In this case, there are two subsequences "converging" to $\left[0,1\right]$ and $[0,2]$. These intervals $\left[0,1\right]$ and $\left[0,2\right]$ are the $\liminf$ and $\limsup$.

Definition of $\limsup$ and $\liminf$

One way to motivate this definition of $\liminf$ and $\limsup$ is the following. When a sequence of sets is increasing (that is, $A_{n+1}\supset A_n$), the "limit" of the sequence is intuitively the union of all sets: $\mbox{''lim''}A_n=\bigcup_n A_n$ (because if an element is in at lease one set of the sequence, it is also in all subsequent sets). When the sequence is decreasing ($A_{n+1}\subset A_n$), the limit is the intersection of all sets: $\bigcap_n A_n$ (if one elements fails to be inside one set, it will fail to be in all subsequent sets).

Now, the sequence $S_k=\bigcap_{n\geq k} A_n$ is always increasing. Is is some kind of "reverse disacumulation": $S_k$ is the set of "all elements that are inside $A_k$ and $A_{k+1}$ and ...". What we gain by considering the $S_k$ sequence is that if an element fails to be, say, in $A_3$ and $A_7$, but it is in all other $A_n$ for $n\neq3 \mbox{ or } 7$, then this element will make it into $S_8$ (and into all other $S_k$ for $k\geq 8$, since the $S_k$ are increasing).

Since the $S_k$ are increasing, we want to take its union: $$S = \bigcup_k S_k = \bigcup_k \bigcap_{n\geq k} A_n$$ and call it some kind of limit. We call it the inferior limit because it is very restrictive: for an element to be in it, it has to be in all of the $A_k$ (except at most some finite number, like the $A_3$ and $A_7$ in the example above)

As for the superior limit, we can define the always-decreasing sequence $T_k=\bigcup_{n\geq k} A_n$. Here, $T_k$ is the set of all elements that belong to some $A_n$ with $n\geq k$. If an element belongs to only a few (finite number of) $A_n$, say, $A_5$ and $A_9$, it won't make it into $T_{10}$. Why? Well, because $T_{10}$ is the set of elements that appear somewhere from $A_{10}$ onwards. This element will never appear again, in any $T_k$ with $k\geq 10$ -- that's why the $T_k$ are decreasing. Since the $T_k$ are decreasing, we can take its' intersection: $$\bigcap_k T_k = \bigcap_k \bigcup_{n\geq k} A_n$$ and call it the superior limit.

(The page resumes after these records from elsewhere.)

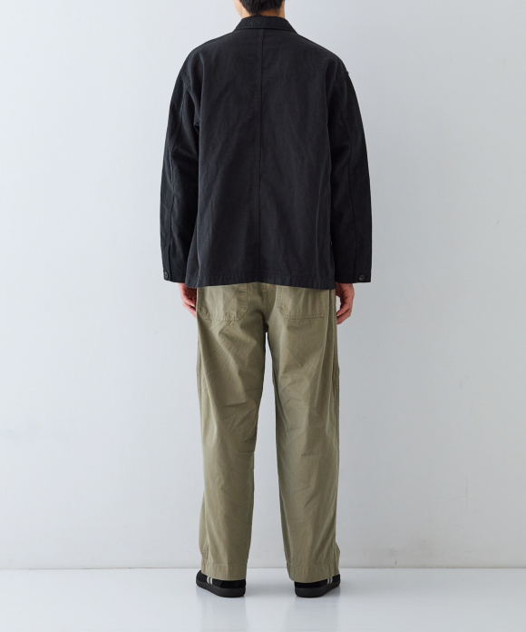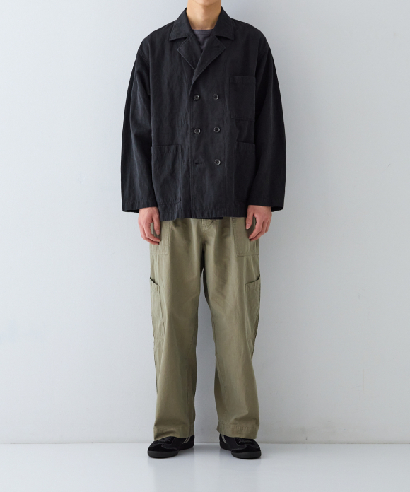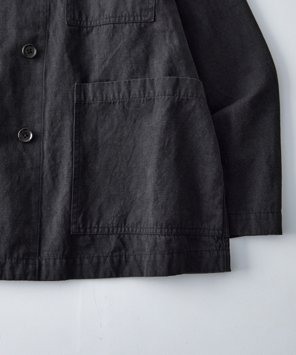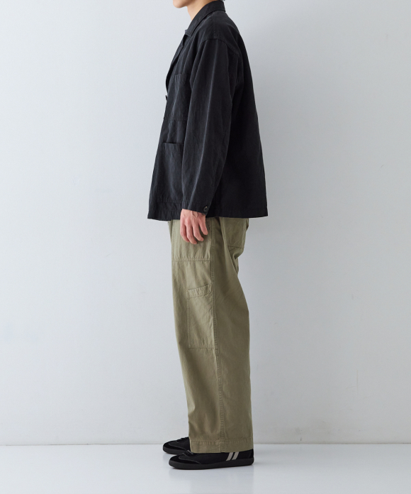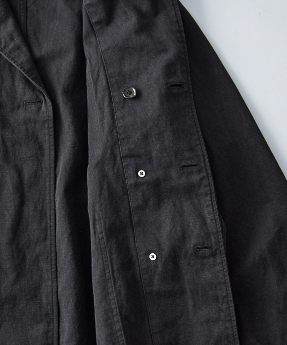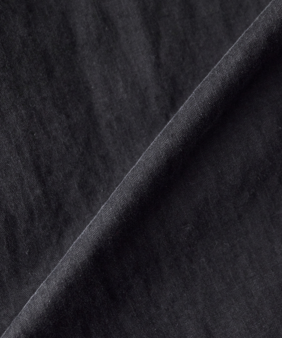 It has a relaxed silhouette with plenty of width, and can be worn buttoned for a more elegant look. However, to fully showcase the texture of the fabric, we recommend leaving it unbuttoned for a more casual look. This will allow you to appreciate the drape of the fabric and the depth and three-dimensionality of the color achieved by the dyeing method, which combines reactive and sulfur dyeing. Intentional puckering creates a unique look.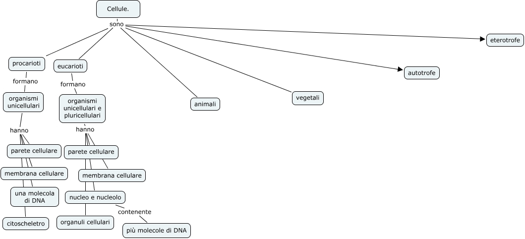 Questa Cmap, creata con IHMC CmapTools, contiene informazioni relative a: La cellula laura francesco, organismi unicellulari e pluricellulari hanno membrana cellulare, Cellule. sono eucarioti, procarioti formano organismi unicellulari, organismi unicellulari e pluricellulari hanno parete cellulare, Cellule. sono vegetali, Cellule. sono animali, organismi unicellulari hanno membrana cellulare, organismi unicellulari e pluricellulari hanno organuli cellulari, eucarioti formano organismi unicellulari e pluricellulari, Cellule. sono eterotrofe, organismi unicellulari hanno citoscheletro, Cellule. sono procarioti, nucleo e nucleolo contenente più molecole di DNA, organismi unicellulari e pluricellulari hanno nucleo e nucleolo, organismi unicellulari hanno parete cellulare, Cellule. sono autotrofe, organismi unicellulari hanno una molecola di DNA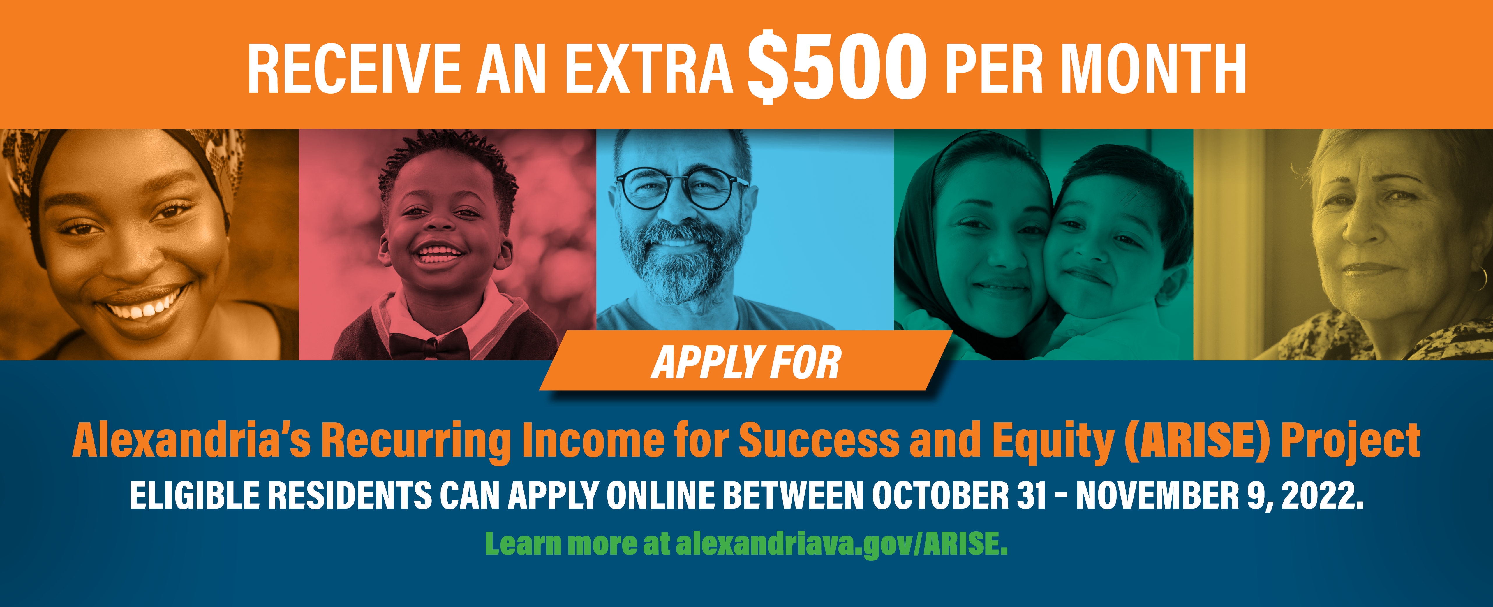 Guaranteed Income Pilot :: The Application period for Alexandria’s Recurring Income for Success and Equity’s (ARISE) Guaranteed Income Pilot is almost here! Eligible residents can apply to receive an unconditional payment of $500 a month for two years to spend with no requirements and no restrictions. Application period is October 31–November 9. Learn more at alexandriava.gov/ARISE. #ARISEALEX #GuaranteedIncome #ACTforAlexandria #AlexandriaVA #NorthernVA #NoVA - Twitter

If you are wondering why the sequence $S_k=\bigcap_{n\geq k} A_n$ is increasing (it's a sequence of intersections, shouldn't it be decreasing??), note that every time we take the next $k$, we are removing one $A_n$ from the intersection, hence we are taking away one necessary condition for an element to belong the next $S_k$. We are making it easier for an element to be in this next $S_k$. The dual of this argument explains why the sequence $T_k=\bigcup_{n\geq k} A_n$ is decreasing, despite being a sequence of unions. Every time we take the next $k$ we are removing one sufficient condition for an element to belong to the next $T_k$, thus making it harder to make it into this next $T_k$.

I hope this explains the definitions of $\limsup$ and $\liminf$

Your example

Your example is incorrect. We have $$T_k = \bigcup_{n\geq k} E_n = \bigcup_{n\geq k} \left\{\frac{1}{n}\right\} = \left\{\frac{1}{k},\frac{1}{k+1},\cdots\right\}$$ The intersection: $$\limsup E_n = \bigcap_k \left\{\frac{1}{k},\frac{1}{k+1},\cdots\right\}=\emptyset$$ is the empty set, because no element belongs to all of the $T_k$. The sequence $T_k$ loses one element at a time, and "in the limit" is has no more elements at all.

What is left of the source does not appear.